Malgré les objections de sa mère, Isaac B. avait décidé qu’il resterait ici avec elle.
« Tu n’es pas obligé ! lui avait-elle répondu affolée.
- Môman, c’est pour ton bien ! »
Issac B. avait connu un certain succès dans les années 70 avec un roman publié aux éditions
du Grivois. Manque de pot, selon lui, il était tombé à la mauvaise époque ! Tournier, Gary,
Gracq… Trop de monde ! Pour oublier, il passait ses journées à picoler. « Ce qu’est con, c’est
que plus tu bois, plus tu nous parles de ton fameux bouquin ! » disait son ami de comptoir
Lucien Snoul. Le camarade au nez vérolé du Ruby avait raison.
Et ce n’est pas la mère d’Isaac qui aurait dit le contraire. Surtout depuis qu’elle avait entendu
parler, par l’amie de la petite Crécy, d’un concours de nouvelles. « Isaac, c’est à ta portée !
Une page, il demande ! 2500 petits signes bon Dieu ! Ca te redonnera peut-être confiance »,
lui avait-elle répété.
En vain. Jusqu’à ce fameux samedi matin où elle menaça de le virer de l’appartement s’il
n’écrivait rien.
« On est le 24 septembre. Le concours se termine demain. Je veux ta nouvelle ce soir.
- Quoi ? Mais comment ?
- Ton ordinateur là ! T’es toujours fourré dessus ! Qu’il serve à quelque chose pour une fois.
- Mais qu’est-ce que je vais bien pouvoir dire ! Où je vais trouver l’inspiration ?

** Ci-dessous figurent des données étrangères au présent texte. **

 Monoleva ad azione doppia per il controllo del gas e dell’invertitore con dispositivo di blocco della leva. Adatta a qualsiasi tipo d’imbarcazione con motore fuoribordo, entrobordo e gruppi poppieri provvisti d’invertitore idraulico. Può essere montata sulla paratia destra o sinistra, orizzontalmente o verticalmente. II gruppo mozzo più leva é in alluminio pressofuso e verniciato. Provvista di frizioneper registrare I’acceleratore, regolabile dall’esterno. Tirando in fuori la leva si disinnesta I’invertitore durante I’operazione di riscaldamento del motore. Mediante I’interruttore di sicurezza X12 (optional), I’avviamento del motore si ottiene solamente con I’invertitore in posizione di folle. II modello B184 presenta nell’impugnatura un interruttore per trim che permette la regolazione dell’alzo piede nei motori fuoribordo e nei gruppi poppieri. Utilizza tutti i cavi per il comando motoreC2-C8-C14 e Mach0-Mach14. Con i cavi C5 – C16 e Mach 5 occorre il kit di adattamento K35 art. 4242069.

- Certainement pas dans ton slip, et encore moins au Ruby ! », conclut-elle en claquant la
porte.
Isaac fila au Ruby. Il y avait déjà foule. L’Anguille, Bobby, Le Caïman et Lucien en train de
draguer Molly, la petite serveuse irlandaise.
« Alors, Isaac, t’en fais une gueule !
- M’en parle pas. Faut que j’écrive une putain de nouvelle ! Sinon, ma mère me vire…

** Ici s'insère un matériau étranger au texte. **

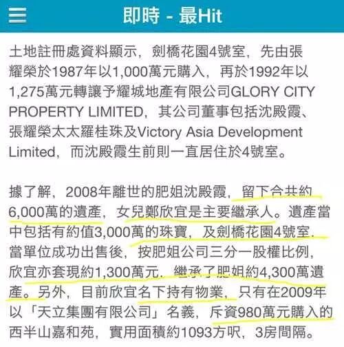 有意思的是沈殿霞从2008年去世后,留下大约6000万港币的遗产。而女儿郑欣宜是其法定的继承人,这些遗产包括价值三千万左右的珠宝首饰,还有就是这栋“剑桥花园4号室”了,价值1.3亿。

- Oh merde. T’as qu’à raconter la fois où tu t’es fait sauter par Noureev ! Ou quand tu as
vomi ton andouillette sur l’ambassadeur de Nouvelle-Guinée ! Qu’est-ce qu’on s’était
marré !
- Arrête tes conneries ! Molly, sers-moi un ballon !
- Bah, raconte ta journée. Ils font tous ça maintenant les auteurs ! »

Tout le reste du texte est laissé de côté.